Andrew Jackson reportedly told Congress in 1829, “If the American people only understood the rank injustice of our money and banking system, there would be a dramatical change before morning.” A wave of private actions, class actions and government lawsuits aimed at redressing injurious banking practices could spark a dramatical change in banking, returning the strength to improvement “the complete faith and credit of the United States” to the United States, and returning community assets to local ownership and control.
1 Sean Olender, “Mortgage Meltdown,” San Francisco Chronicle (December 9, 2007).
2 See Ellen Brown, “The Subprime Trump Card,” webofdebt.com/articles, June 26, 2008.
3 Greg Morcroft, “Massachusetts Charges Merrill with Fraud,” MarketWatch (February 1, 2008).
4 Henry Gomez, Tom Ott, “Cleveland Sues 21 edges Over Subprime Mess,” The Plain Dealer (Cleveland, January 11, 2008).
6 Marc Dann Resigns as Attorney General,” NBC24 (May 14, 2008).
7 E. Scott Reckard, “California Atty. Gen. Jerry Brown Sues Countrywide,” Los Angeles Times (June 26, 2008).
8 Cathy Moran, “And the Truth (in Lending) Shall Set You Free,” mortgagelawnetwork.com (June 11, 2008).
9 Gina Keating, “Mortgage Ruling Could Shock U.S. Banking Industry,” Reuters (June 30, 2008).
10 Michael Robinson, “City of Debt Shows US Housing Woe,” BBC News (December 30, 2007).

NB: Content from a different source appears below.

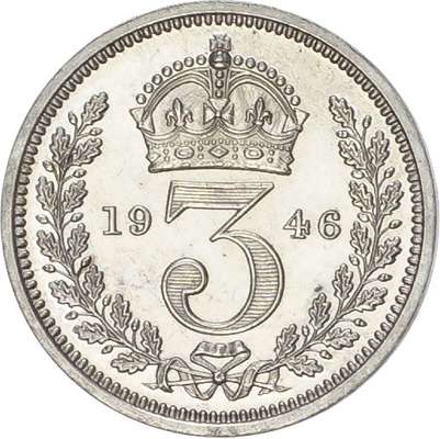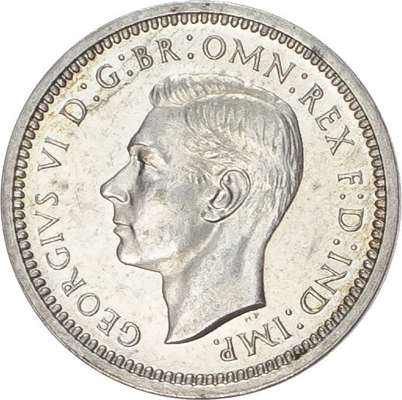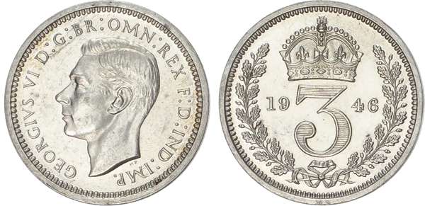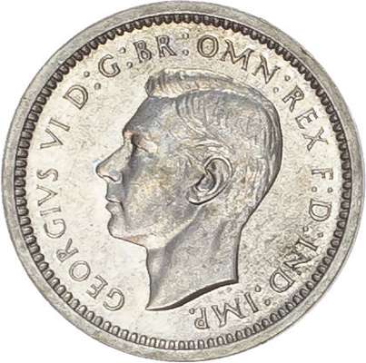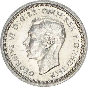 Bare head left, with raised HP in exergue, legend and toothed border surrounding, GEORGIVS VI DG BR OMN REX FD IND IMP. Rev, crowned mark of value with date either side all within oak wreath (S. 4086; Bull 4315; ESC 2563). A couple of tiny marks on threepence, otherwise all coins Good Extremely Fine or better, no case.

11 “Is the Latest Liquidity Crunch in Remission?”, NakedCapitalism(March 26, 2008).
12 See E. Brown, “Dollar Deception: How edges Secretly Create Money,” webofdebt.com/articles (July 3, 2007).
13 For more on this funding solution and why it would not inflate prices, see E. Brown, “Waking Up on a Minnesota Bridge: How to Solve the Infrastructure Crisis Without Selling Off Our National Assets,” ibid. (August 4, 2007).
14 Chris Cook, “Peak Credit and a Flight to Simplicity,” Asia Times (April 3, 2008).